After the climb we meet on the summit of the mountain and chat about highlining, eventually making a plan for a sunrise highline photo shoot. Chris’ mate, Dan Sinanian, is also keen to join.
I wake them before first light and we start the hike up to the highline, which is strung right across the top of the Organ Pipes. Chris decides to take Muldoon (13), the most direct line up to the top. The sun rises just as he starts up, just him and his shoes. Efficient and elegant, he flows up the wall with gentle confidence that comes with thousands of hours of practice. By the time I reach the top of the cliff, both the boys are ready to highline.
Dan goes first. He slides out onto the line. Carefully and fluidly, he mounts the line, balancing on his haunches, then stands up. His hands are up high and he is walking the line, the concentration on his face illuminated by the sun. The plains are still covered in mist and the light is magic.
While Dan floats in free space I begin to hear the now familiar otherworldly singing.

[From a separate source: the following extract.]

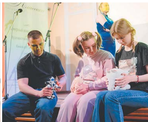
Постановка команды «Фемида» заняла 1-е место!

The Song of the Sirens. This time, though, it’s different. Instead of luring me down from below it is all around, encompassing, glowing. Instead of evoking fear, I am overcome with joy. I hoot and holler at Dan’s performance. This is the song of friendship. The song of existence. The song of life.
The Pines are far below; they whisper with the Wind. Slowly, the camp stirs. It’s another day in paradise.